一般社団法人日本ショッピングセンター協会から2018年3月時点のSC販売統計調査報告が公開されておりますのでご紹介致します。

20180429SC販売統計調査売上伸長率

 2018年3月度の既存SC売上高は、総合で前年同月比+2.2%前年を上回りました。テナントは同+2.9%、キーテナントは同▲0.7%となりました。前年比で土日祝の合計が1日多かったことに加えて、全国的に気温が高かったことも春物商品の売上に繋がったとしています。

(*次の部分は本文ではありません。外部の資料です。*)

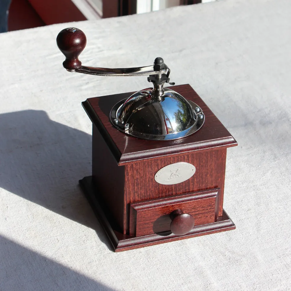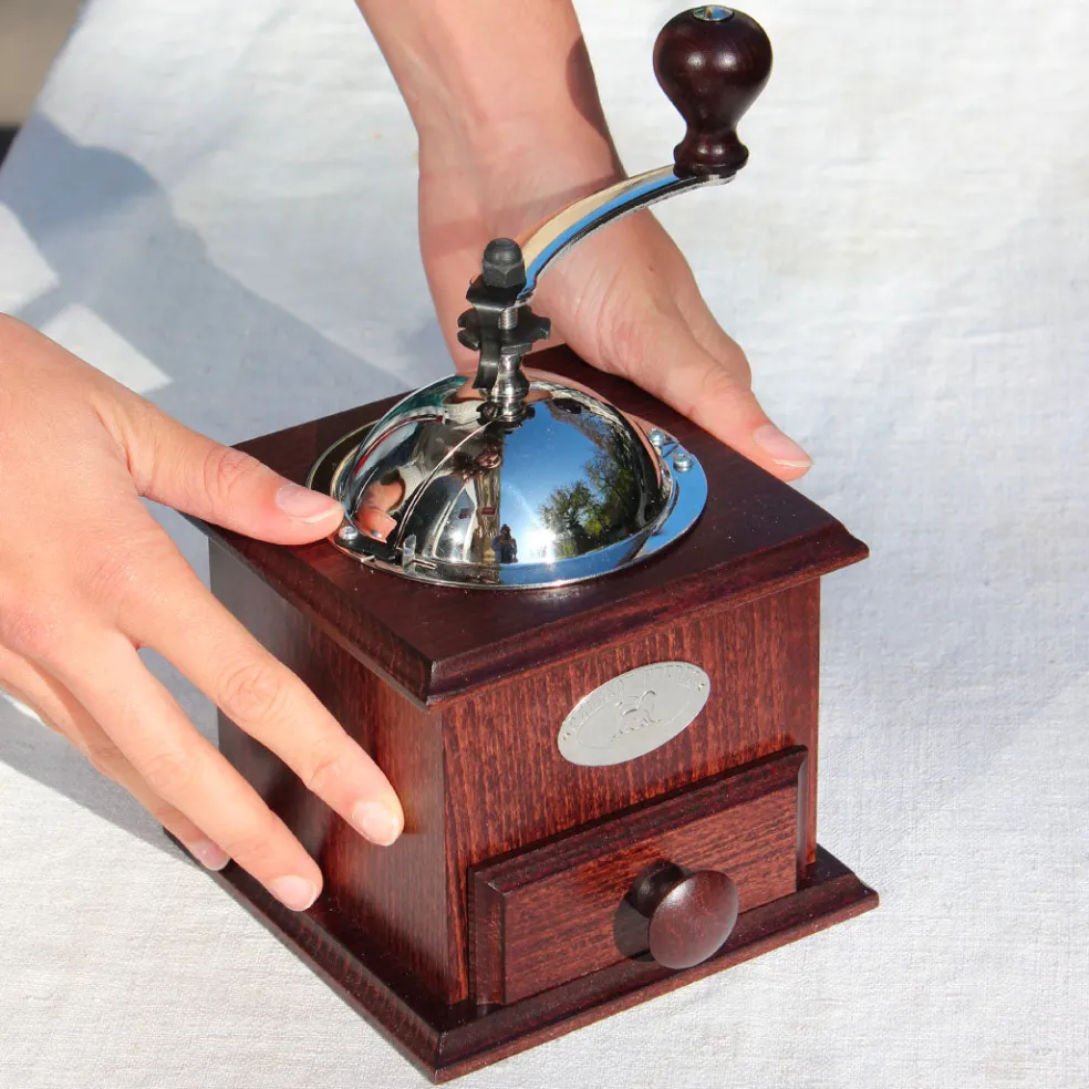 Clin d’œil aux moulins à café de nos grands-mères : le moulin à café manuel Peugeot en bois de hêtre est un moulin de forme carrée à manivelle avec tiroir qui permet de récupérer le café fraîchement moulu. Le réglage de la mouture (plus ou moins fine selon le type de café recherché) s’effectue avec la molette située sous la manivelle. Arômes et saveurs du café sublimés.

その他、桜の開花が全国的に平年より早く行楽客の来館が多いSCでは飲食店も好調との声がありました。フロンティア投資法人や日本リテールファンド投資法人のテナントもこれらの春物の商品を上手く仕込めていれば売上に繋がったと思います。テナントの売上が変動賃料として入ってくるところがリテールの魅力なので、AM会社として物件運営・リーシングのアドバイザーに費用を払うよりもテナントの売上をサポートするアドバイザーを招いた方が投資家の分配金上昇に貢献できそうだと思っています。


20180429既存SC売上高伸長率推移

 立地別・構成別の総合では、中心地域の総合は前年同月比+3.1%、周辺地域の総合は同+1.8%で、両者ともに前年を上回った。中心地域・中都市のキーテナントは地方の百貨店の売上が伸び悩みも同▲4.2%と苦戦したものの、中心地域・大都市はテナント同+4.0%、キーテナント同+4.2%と好調でした。
 立地別・地域別では、全9地域のうち、7地域で前年を上回った。東北・中心地域は一部SCで昨年リニューアルのため閉店等があった反動もあり当月は同+8.7%となりました。前年を下回ったのは北陸(前年同月比▲1.6%)と中心地域はキーテナントの不振が続く四国(同▲1.1%)の2地域となりました。
 都市規模別では、政令指定都市の総合が前年同月比+3.2%、その他の地域も同+1.5%となり両者ともに前年を上回りました。その他の地域のキーテナントは関東以外の地域は前月より回復したものの、全9地域のうち、北海道と九州・沖縄を除く7地域では前年を下回っており、総合でも同▲1.6%となっています。